Рабочий класс все больше и больше изолируется их экономическими хозяевами, и этот процесс, имеющий своим следствием уплотнение и перенаселенность, ведет не столько к безнравственности, сколько к уничтожению самого понятия «нравственность». Привожу отрывок из стенограммы состоявшегося недавно заседания совета Лондонского графства, немногословный и сухой, но, если читать между строк, от него веет неизбывным ужасом:
«Мистер Брюс задал вопрос председателю Комитета народного здравоохранения, привлекали ли его внимание многочисленные случаи, свидетельствующие о серьезной перенаселенности в Ист-Энде. В Восточном Сент-Джордже муж, жена и восемь детей занимают одну маленькую комнату. В этой семье пятеро дочерей в возрасте двадцати, семнадцати, восьми, четырех лет и грудной младенец, а также три сына – пятнадцати, тринадцати и двенадцати лет. В Уайтчапеле муж, жена, три их дочери (шестнадцати, восьми и четырех лет), а также два сына (десяти и двенадцати лет) живут в еще меньшей комнате. В районе Бетнал-Грин муж и жена, их четверо сыновей в возрасте двадцати трех, двадцати одного, девятнадцати и шестнадцати лет и две дочери, четырнадцати и семи лет, также проживают в одной комнате. Он спросил, не входит ли в обязанности местных властей не допускать случаев такой серьезной скученности».
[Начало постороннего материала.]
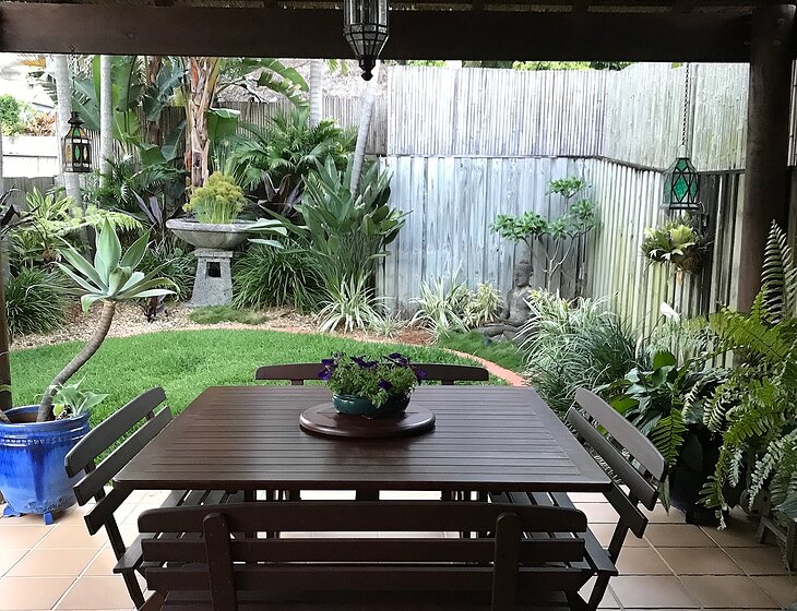 My home is a 3 bedroom Duplex with a beautiful small garden. There is a Balinese thatched roof patio facing the Bali inspired garden. It’s a fabulous entertaining area. The house is just a short stroll (400 meters) to the beach and Tugun Village cafes.

Но с 900 000 человек, которые живут, нарушая прописанные в законе нормы, у властей и так забот полон рот. Стоит расселить какой-нибудь муравейник, как его обитатели устремляются в другую дыру, а поскольку скарб свой они перевозят ночью на ручной тележке (все их пожитки и спящие дети умещаются в одну-единственную тележку), то проследить за их перемещением невозможно. Если бы закон о народном здравоохранении от 1891 года внезапно был приведен в исполнение, 900 000 человек получили бы предписания покинуть свои дома и отправляться на улицу, и необходимо было бы построить 500 000 комнат, прежде чем снова заселить людей на законных основаниях.
Убогие улицы снаружи кажутся только убогими, но в стенах их домов вы найдете грязь, нищету и трагедии. И хотя, возможно, читать о подобных трагедиях омерзительно, гораздо более омерзителен тот факт, что они имеют место быть.
На Девоншир-Плейс в районе Лиссон-Гроув недавно умерла семидесятипятилетняя старуха. В ходе расследования судмедэксперт заявил, что в комнате было обнаружено лишь старое тряпье, сплошь покрытое паразитами, которые стали переползать и на него. Помещение было в ужасном состоянии, ему еще не доводилось видеть ничего подобного. Повсюду кишели вши.
Врач сообщил: он обнаружил умершую лежащей на спине на каминной решетке. Из одежды на ней были только чулки и сорочка. Все тело было покрыто копошащимися вшами, и все тряпки в комнате были серыми от насекомых. Умершая находилась в крайней степени истощения. На ее ногах были обширные язвы, к которым прилипли чулки. Раны возникли в результате укусов вшей.
Очевидец, присутствовавший на следствии, писал: «Я имел несчастье видеть тело бедной женщины в морге; и до сих пор воспоминание об этом ужасном зрелище заставляет меня содрогаться. Она лежала в мертвецкой словно обтянутый кожей скелет, в свалявшихся от грязи волосах кишели вши. По ее костлявой груди сновали сотни, тысячи, мириады насекомых».
Если вы не хотите такой смерти вашим матерям, как я не хочу моей, то и эту женщину, кем бы она ни была, не должен был постигнуть такой конец.
Епископ Уилкинсон, который одно время жил в Зулуленде, недавно сказал: «Ни один старейшина африканской деревни не позволит такого беспорядочного и скученного проживания молодых мужчин и женщин, мальчиков и девочек». Он говорил это о детях из перенаселенных трущоб, которым к пяти годам уже нечему учиться из запретного, но уже от многого нужно отучаться, да только они никогда не отучатся.